Work task:
All records below must be written out exactly, with the pictures excluded.

Data:
= = =

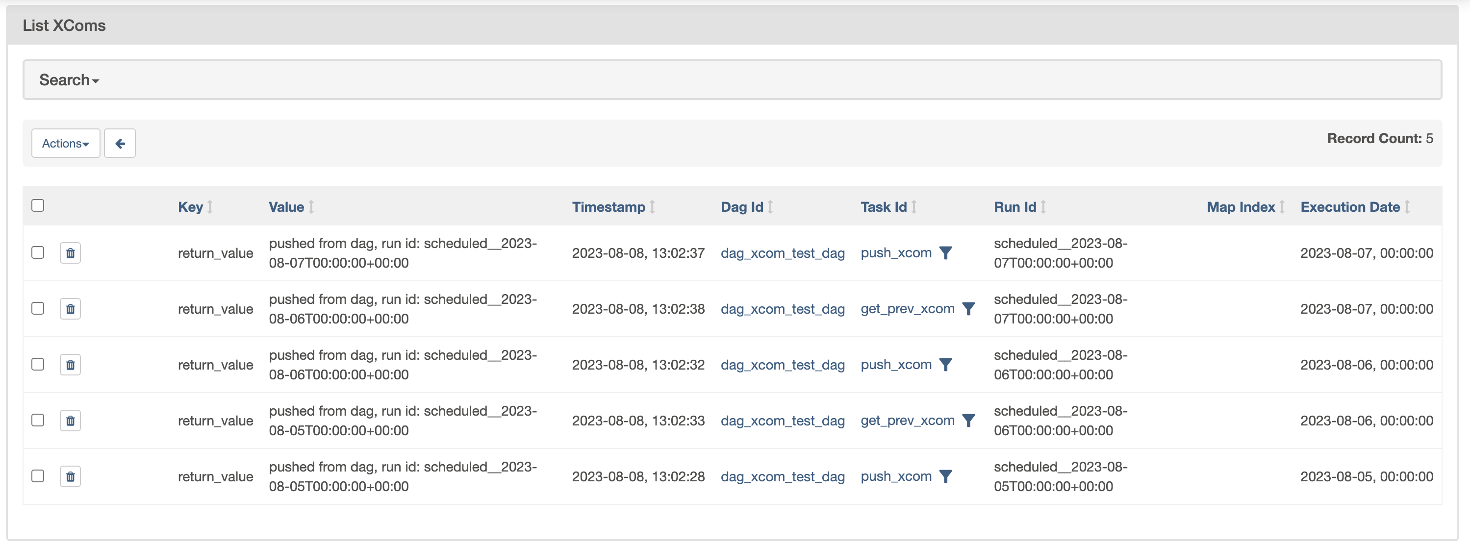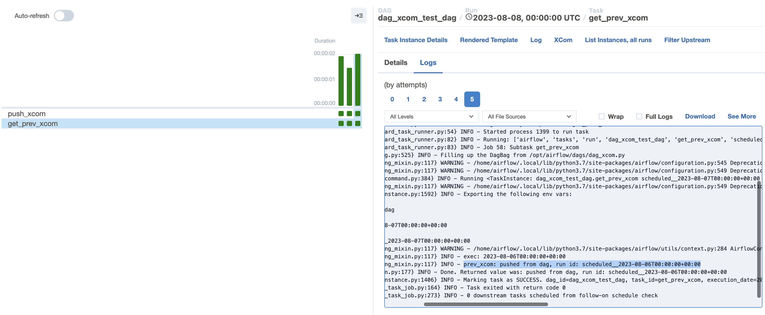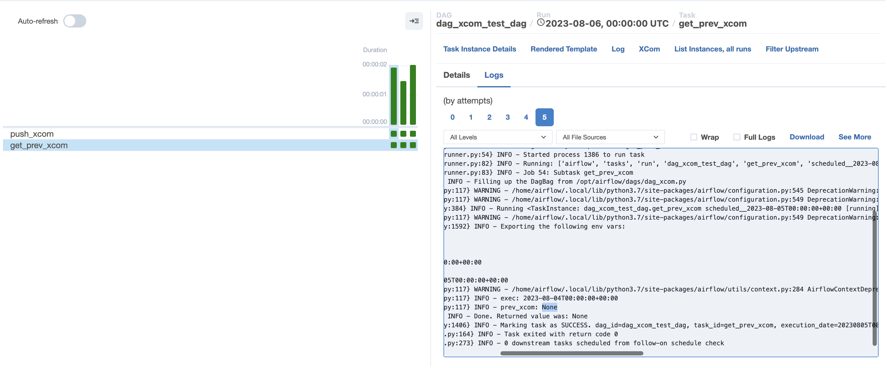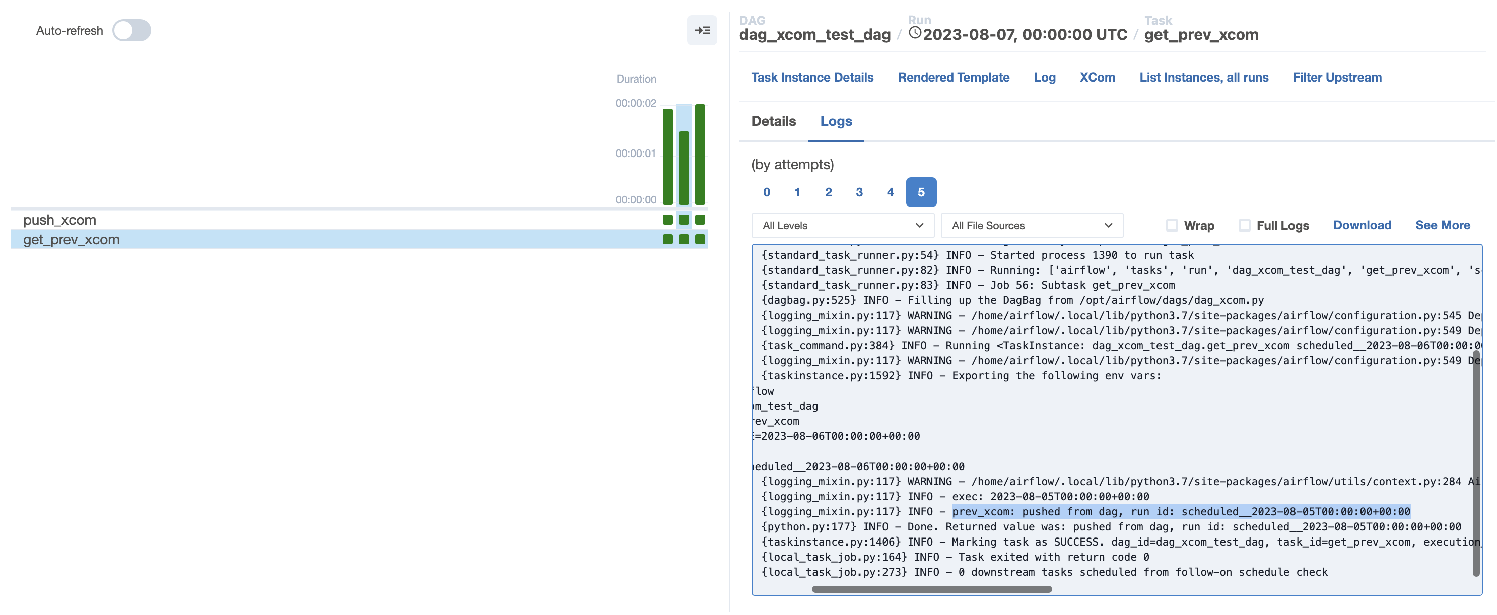 처음 run에 대해서는 이전에 dag가 실행된 적이 없으므로 가져오는 xcom은 없고 pushed from dag, run id: scheduled__2023-08-05T00:00:00+00:00
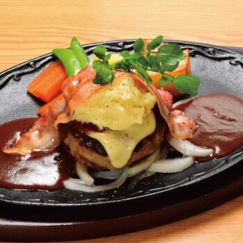 さらに、自家製のデミグラスソースとたっぷりのマッシュポテト、カリッと焼き上げたベーコンがトッピングされ、絶妙なハーモニーを奏でます。このメニューは、家族みんなで楽しむことができます。
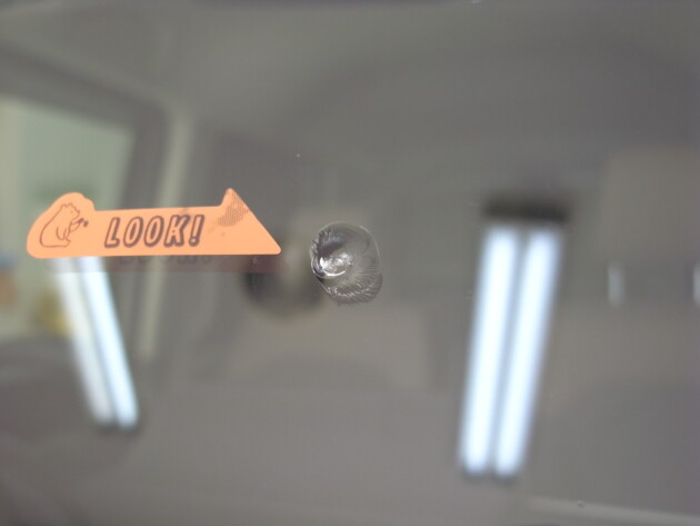 日産 NV100 フロントガラス 飛び石 修理 1.4cmのひび割れ
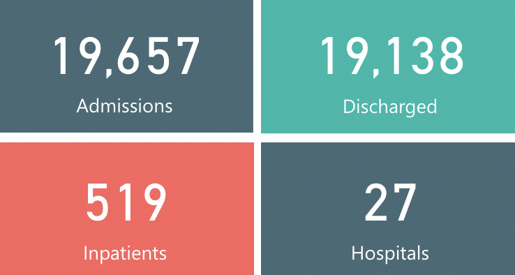 4月6日数据:住院的确诊新冠患者共27人(=),已出院的确诊新冠患者19,138人(+62),治愈率目前为99.8%。重症ICU疑似/确诊新冠患者5人(-1),空余的重症ICU床15张(=)。
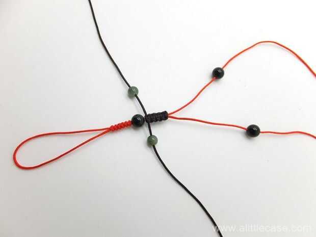 Del hilo de rosca 4 granos terminado el trenzado. Los granos negros en el cable negro como pies del hilo de rosca y las perlas de jadeíta verde se roscan en el cable rojo como manos.
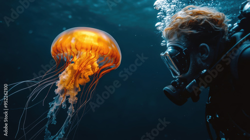 © Joyce, Fototapeta premium Diver watching closely in deep sea at a glowing jelly fish

= = =

Expected answer:
 처음 run에 대해서는 이전에 dag가 실행된 적이 없으므로 가져오는 xcom은 없고 pushed from dag, run id: scheduled__2023-08-05T00:00:00+00:00
 さらに、自家製のデミグラスソースとたっぷりのマッシュポテト、カリッと焼き上げたベーコンがトッピングされ、絶妙なハーモニーを奏でます。このメニューは、家族みんなで楽しむことができます。
 日産 NV100 フロントガラス 飛び石 修理 1.4cmのひび割れ
 4月6日数据:住院的确诊新冠患者共27人(=),已出院的确诊新冠患者19,138人(+62),治愈率目前为99.8%。重症ICU疑似/确诊新冠患者5人(-1),空余的重症ICU床15张(=)。
 Del hilo de rosca 4 granos terminado el trenzado. Los granos negros en el cable negro como pies del hilo de rosca y las perlas de jadeíta verde se roscan en el cable rojo como manos.
 © Joyce, Fototapeta premium Diver watching closely in deep sea at a glowing jelly fish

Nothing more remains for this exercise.